> _Recorded data_:
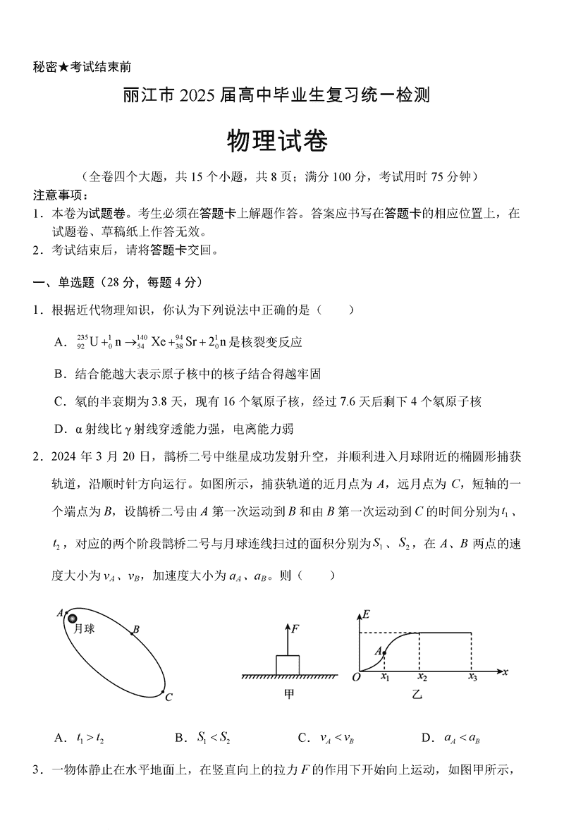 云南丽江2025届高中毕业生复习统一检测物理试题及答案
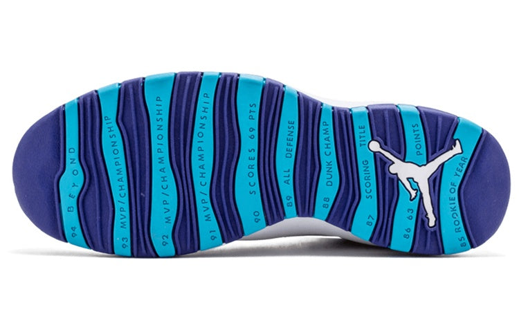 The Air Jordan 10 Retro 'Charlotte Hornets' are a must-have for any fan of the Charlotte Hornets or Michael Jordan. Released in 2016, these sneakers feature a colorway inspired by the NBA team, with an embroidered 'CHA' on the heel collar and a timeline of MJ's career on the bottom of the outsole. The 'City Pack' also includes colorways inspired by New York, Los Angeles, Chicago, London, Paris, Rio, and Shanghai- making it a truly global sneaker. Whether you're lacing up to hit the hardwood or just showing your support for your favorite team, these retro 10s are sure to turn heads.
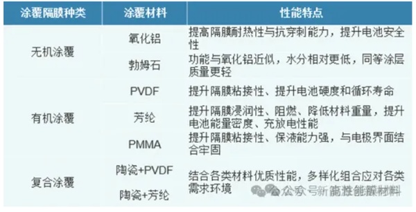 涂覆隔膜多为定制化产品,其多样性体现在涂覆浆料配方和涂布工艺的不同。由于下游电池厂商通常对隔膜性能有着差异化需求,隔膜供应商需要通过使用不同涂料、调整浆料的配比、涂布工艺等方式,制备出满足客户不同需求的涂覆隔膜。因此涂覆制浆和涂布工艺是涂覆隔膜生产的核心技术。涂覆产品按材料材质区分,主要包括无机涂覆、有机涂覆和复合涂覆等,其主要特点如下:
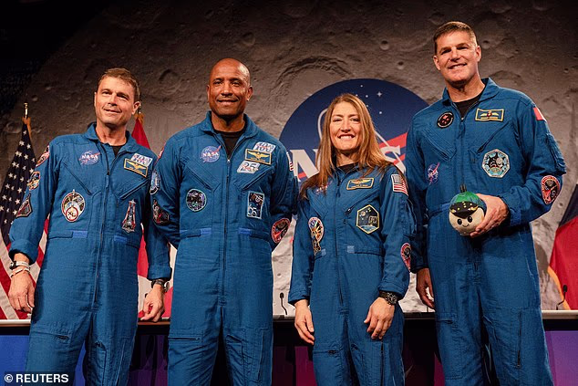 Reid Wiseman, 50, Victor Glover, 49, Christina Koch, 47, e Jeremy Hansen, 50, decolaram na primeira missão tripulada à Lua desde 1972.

> _Aim of the exercise_: Retype the material in full, exactly as written, and exclude the pictures.

> _Answer below_:
 云南丽江2025届高中毕业生复习统一检测物理试题及答案
 The Air Jordan 10 Retro 'Charlotte Hornets' are a must-have for any fan of the Charlotte Hornets or Michael Jordan. Released in 2016, these sneakers feature a colorway inspired by the NBA team, with an embroidered 'CHA' on the heel collar and a timeline of MJ's career on the bottom of the outsole. The 'City Pack' also includes colorways inspired by New York, Los Angeles, Chicago, London, Paris, Rio, and Shanghai- making it a truly global sneaker. Whether you're lacing up to hit the hardwood or just showing your support for your favorite team, these retro 10s are sure to turn heads.
 涂覆隔膜多为定制化产品,其多样性体现在涂覆浆料配方和涂布工艺的不同。由于下游电池厂商通常对隔膜性能有着差异化需求,隔膜供应商需要通过使用不同涂料、调整浆料的配比、涂布工艺等方式,制备出满足客户不同需求的涂覆隔膜。因此涂覆制浆和涂布工艺是涂覆隔膜生产的核心技术。涂覆产品按材料材质区分,主要包括无机涂覆、有机涂覆和复合涂覆等,其主要特点如下:
 Reid Wiseman, 50, Victor Glover, 49, Christina Koch, 47, e Jeremy Hansen, 50, decolaram na primeira missão tripulada à Lua desde 1972.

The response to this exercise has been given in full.